◆ Information shown ◆
*-*-*
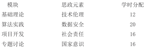 觉技术在国家安全、社会发展等方面的应用。此外,还特别设置了专题讨论环节,鼓励学生就技术伦理、数据安全等议题进行深入探讨 [9]。表 3 各模块融入的思政元素
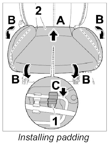 3. Clip in fixing clip -1- underneath the padding -2- (-arrow C-).
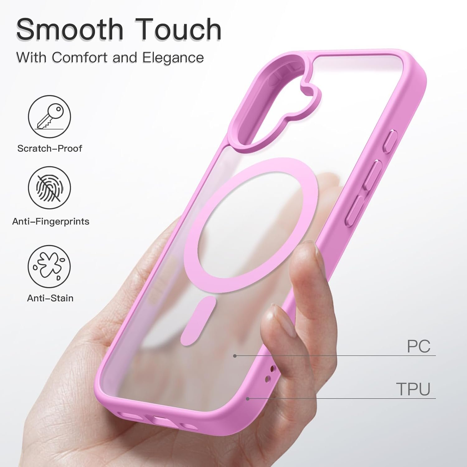 [Translucent Matte Back] The case back is coated with frosted material, comfortable in hand and resisting annoying smudges like fingerprints, oil residue. Also you can still admire the delicate logo of your device
*-*-*
Output the data above verbatim, pictures excluded.

 觉技术在国家安全、社会发展等方面的应用。此外,还特别设置了专题讨论环节,鼓励学生就技术伦理、数据安全等议题进行深入探讨 [9]。表 3 各模块融入的思政元素
 3. Clip in fixing clip -1- underneath the padding -2- (-arrow C-).
 [Translucent Matte Back] The case back is coated with frosted material, comfortable in hand and resisting annoying smudges like fingerprints, oil residue. Also you can still admire the delicate logo of your device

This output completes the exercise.